"Hence the peculiar aspect which the necropolis of Abydos must have presented when intact. Imagine a multitude of small pyramids five or six metres high, carelessly oriented or not at all, and uniformly built of crude brick. These pyramids always stand upon a plinth, they are hollow, and within they are formed into a clumsy cupola by means of roughly built off-sets. The pyramid stands directly over a chamber in its foundations which shelters the mummy. As soon as the latter was in place, the door of its chamber was closed by masonry."[235] An exterior chamber was often built in front of the pyramid, and being always left open, served for the performance of the sepulchral rites; but sometimes this chamber was absent and then those rites were carried through in the open air, before the stele of the deceased. This latter was sometimes erected upon the plinth, sometimes let into its face. A little cube of masonry is sometimes found at the foot of the stele, destined, no doubt, for funeral offerings. Sometimes the tomb had a surrounding wall of the same height as its plinth; this served to mark out the ground which belonged to it, and when the friends of the deceased met to do him honour, the entrance could be closed, and comparative privacy assured even in the absence of a funerary chapel.

Fig. 162.—Tomb at Abydos;
drawn in perspective from the elevation of Mariette.

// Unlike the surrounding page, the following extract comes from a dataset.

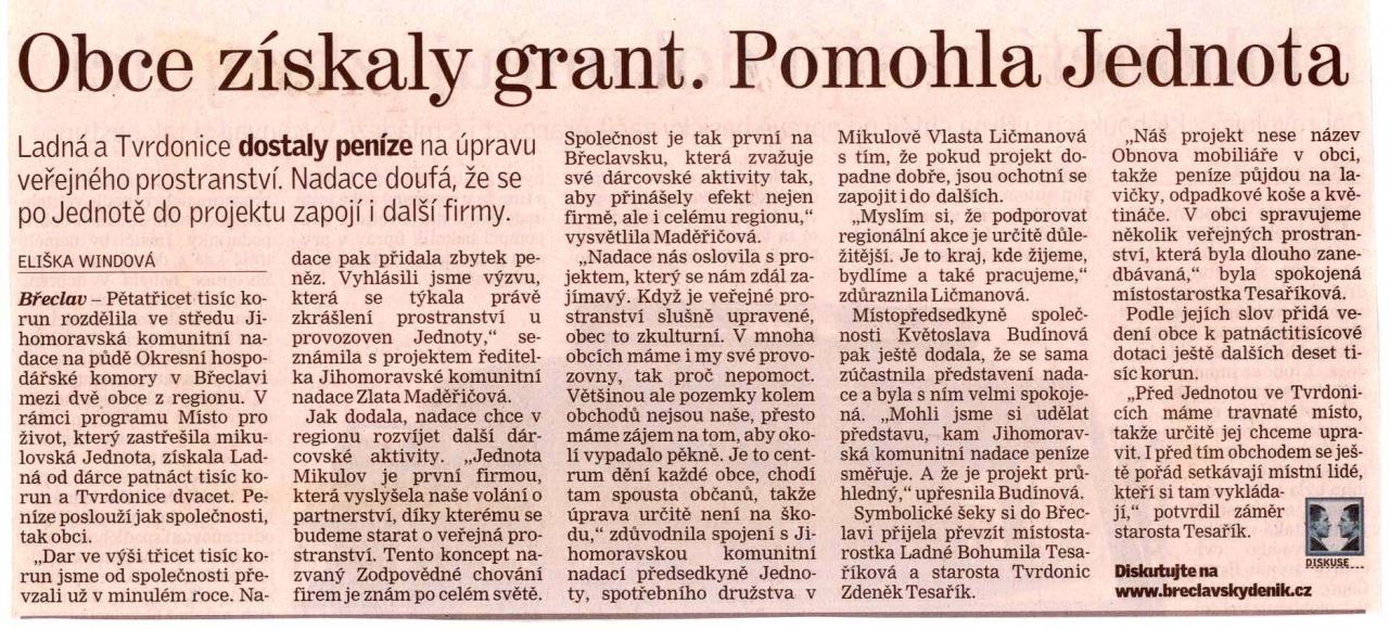Obce získaly grant. Pomohla Jednota

Fig. 163.—Section of the above tomb.

These tombs, which were generally constructed with no great care, were for the most part without casing. The pyramidal form was given by setting each course of bricks slightly back from the one below it. When this part of the work was finished, each face was covered, as a rule, with a coat of rough concrete, which, in its turn, was hidden under a layer of white stucco. This multitude of little monuments, all of the same shape and of much the same size, must, when complete, have looked like the tents of an encamped army.

Fig. 164.—Stele of the eleventh dynasty, Abydos.
Drawn by Bourgoin. (Boulak.)

As these tombs were all upon the surface of the ground they have suffered more than any others from the attacks of man. Those which are reproduced among these lines of text were only recovered by Mariette by dint of patient excavation. And although these ill constructed edifices, so far as their materials are concerned, are still standing, they will soon follow the many thousands which once stood in serried ranks round the sepulchre of Osiris. The only remains of this necropolis which are likely to be preserved are the numberless steles which Mariette rescued from its débris. They form about four-fifths of the total number of those monuments now preserved in the museum at Boulak.[236] We figure two of them, one belonging to the Middle, the other to the New Empire ([Figs. 164] and [165]).